New Dillingers rob data instead of banks as they cash in on virtual world
Cybersecurity boss Anthony O'Mara warns firms must step up the fight against gangsters stealing valuable information from public and private sector targets
When asked to explain why criminals now focus on stealing information, Anthony O'Mara, EMEA vice-president at security software company Malwarebytes, likes to use a quote from the Depression-era gangster John Dillinger. "When he was caught, the judge asked him 'John, why do you rob banks?' He answered: 'Because that's where the money is'."
Today the virtual world is where the money is, and latter-day Dillingers rely on malware so streamlined you might never even know you've been attacked. There might not be a tangible "theft", but your data has been critically compromised.
Cyber attacks on government bodies have made for some of 2016's most dramatic headlines, ranging from the unexpected (earlier this month, the Australian Bureau of Meteorology was targeted by remote access tool malware), to this year's notorious DNC hack, to further US allegations that Russian "bad actors" have targeted their voting machines.
Recently, a nuclear facility in Japan revealed that it had been the victim of spear-phishing designed to steal the work of scientific researchers. Alleged state attackers can also target commercial properties - Yahoo's 500 million compromised accounts were the result of what's believed to have been a state-sponsored hack.
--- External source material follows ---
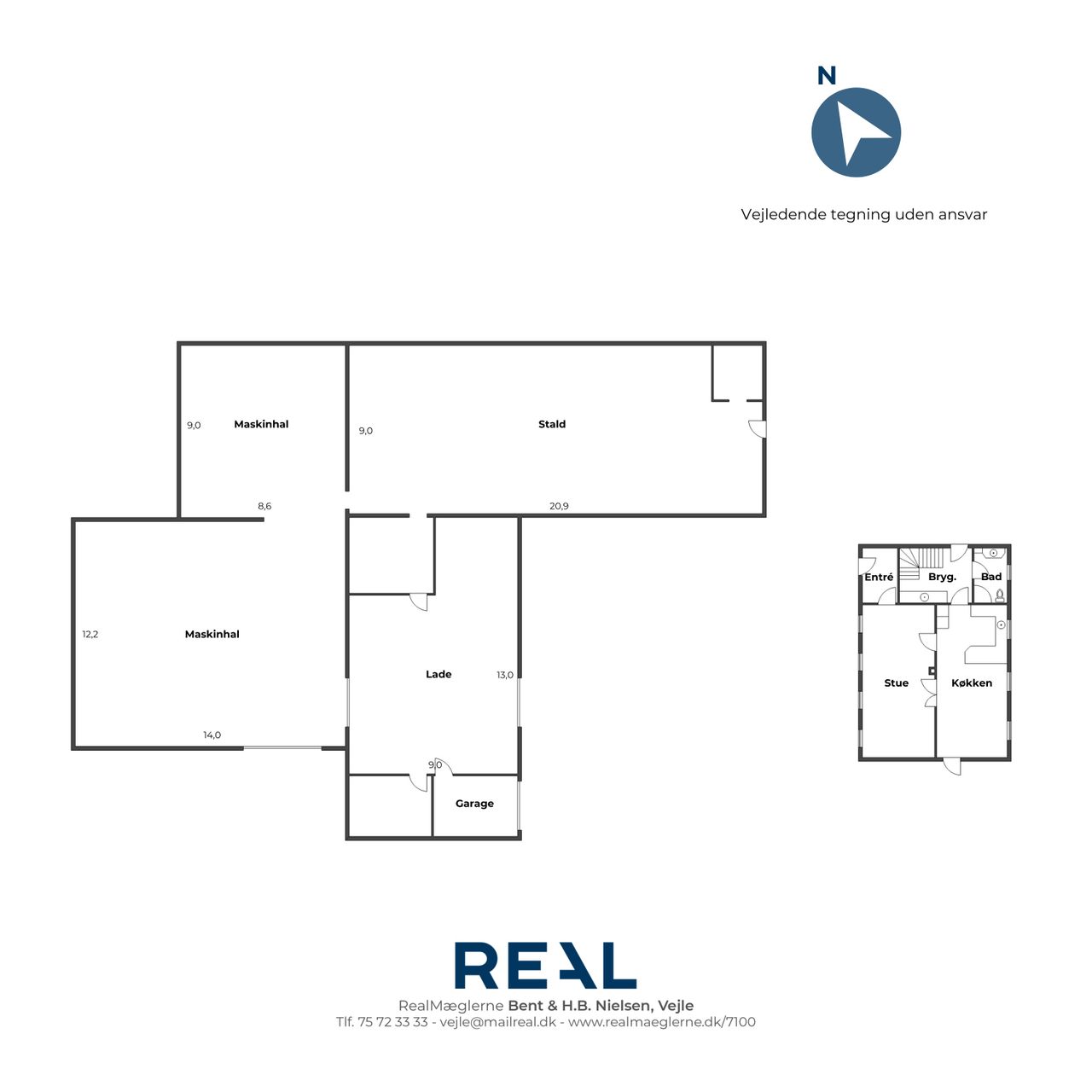 Drømmer I om et landsted i rolige omgivelser, skøn natur og et godt arealtilliggende? Så tag med til Brandbjerg, hvor denne ejendom er beliggende på en 1,15 ha. stor grund med plads til både afslapning, dyrehold eller mindre erhverv. I området omkring ejendommen er der rig mulighed for gåture i skønne omgivelser og på ca. 5 minutter fragter bilen jer til Jelling med skole, daginstitution samt indkøb. Desuden holder bussen lige udenfor døren. Vejle Centrum kan nåes indenfor ca. 15 minutters kørsel. Pendleren kan også glæde sig over, at finde motorvejstil- og frakørslen i kort afstand fra ejendommen. Udover beliggenheden kan du også glæde dig til en ejendom, bestående af et stuehus med en veldisponeret planløsning i 2 plan. I grundplan indeholder huset en entré med adgang til en stor stue med massive trægulve. I forlængelse af stuen ligger husets køkken med god plads til spisebordet. Herudover er der rummelig baggang/bryggers med fin plads til hverdagens gøremål og egen ind- og udgang. Lyst badeværelse med bruseniche. Via trappe fra baggangen er der opgang til en 1. sal, som byder på et repos med indgang til 2 gode værelser og et toilet. Grunden råder over et væld af muligheder med sine udbygninger, som blandt andet inkluderer 1 større kvægstald, en lade med integreret garage og anvendeligt maskinhus. Har du spørgsmål eller ønsker du ejendommen fremvist, så kontakt RealMæglerne Bent & H.B. Nielsen på tlf. 7572 3333 eller på mail vejle@mailreal.dk

With public sector attacks, it's clear that information is more precious than gold. These virtual offensives are becoming more popular, forever threatening to evolve into a cold war fought from behind laptop screens.
Malwarebytes is among the fastest-growing cybersecurity firms worldwide, using intelligent heuristics and behaviour-based technologies to protect businesses and individuals from cyber attacks.
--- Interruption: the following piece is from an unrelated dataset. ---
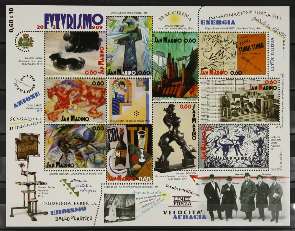 San Marino 2009, Michel 2372-2381 (Kleinbogen), 100 Jaar Futuristisch Manifest van Marinetti, postfris / MNH

Founded by a then-teenaged Marcin Kleczynski in 2008, the company has offices in Cork and San Jose, California, and its software runs on over 250 million machines worldwide.
To O'Mara there's little point in dwelling on differences between public and private sector cyber attacks - in both cases, a criminal is after valuable information.
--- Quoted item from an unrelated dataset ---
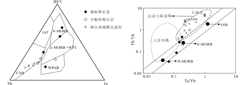 ![]() | 图 8 Hf/3-Th-Ta构造环境判别图(a,据Wood,1980)和Ta/Yb-Th/Yb相关图(b,据Pearce,1983) N-MORB-亏损型洋脊玄武岩;E-MORB-富集型洋脊玄武岩;CAB-火山弧钙碱性玄武岩;IAT-火山弧拉斑玄武岩;WPT-板内拉斑玄武岩;WPAB-板内碱性玄武岩Fig. 8 The Hf/3-Th-Nb/16 tectonic setting discrimination diagram(a,after Wood,1980) and diagram of Ta/Yb vs. Th/Yb(b,after Pearce,1983) N-MORB-normal-type oceanic ridge basalt; E-MORB-enriched oceanic ridge basalt; CAB-calc-alkali basalts; IAT-isl and -arc tholeiites; WPT-within-plate tholeiites; WPAB-within-plate alkaline basalts |

"Value is held in the online world - whether it's online banking or information stored in the cloud," he said. "Governments hold treasure troves of information on people, on budgets, and on things like zoning and planning, all of which criminals will at some point try to steal." The latter-day equivalent to bugged hotel rooms and tapped phone lines, traditional espionage has evolved into hacking, migrating from the physical world to the virtual space.
"There's an element of innovation which drives the cybersecurity industry but in another sense it's the same old tactics: it's just that the platform has changed," said O'Mara. "It's easier to do now, too, given the platforms that we're all operating on."
Irish government websites have been targeted repeatedly in recent years, including a DDoS attack in January this year and an attack on our Freedom of Information site in February, made by a group claiming - somewhat dubiously - to be connected to ISIS.
But O'Mara does not see Ireland as especially vulnerable. Cybersecurity will always be subject to trade-offs, with budgets dictating system updates and recruitment. For now, our Government's cybersecurity is adequate: the challenge is keeping up with evolving threats.
"One of the things which has emerged in recent years is that you can purchase malware as a service," O'Mara said. "You can effectively go to a malware supermarket and give them a profile of your potential victims. You can go after specific information from specific government departments. Imagine how valuable the health information of certain individuals is, for instance, stolen from a hospital." Another scenario might see purpose-hired hacking software target a local council office in order to access zoning plans. "Today everybody talks about the lack of houses in Ireland, but, if a commercial organisation was able to get hold of information on land about to be zoned, and they were looking to buy land, they could do that. It would still be criminal activity; a commercial organisation using a criminal activity to find out what land to buy."
These relatively niche attacks aren't going to make international news headlines, but their subtlety is also their main strength. "It's not like robbing money from a bank," said O'Mara. "You still hold the information. It's just that someone else has access to it as well. In a sense this is an even greater concern, because, if someone takes information from you, you probably won't know that it's happening."
What can be done to fend off attacks? "There are simple, basic security measures that will go a long way to protecting you, for individuals and governments as well."
O'Mara advises both public and private sector companies to invest time and resources in education, and to make sure software is up to date and bought from a reputable vendor (free security software can be useful, but works on a more passive basis).
But, as ever, it's human error, in this case that of government workers, which leads to mistakes. "The biggest risk for any organisation, whether it's government or commercial, is the person behind the laptop."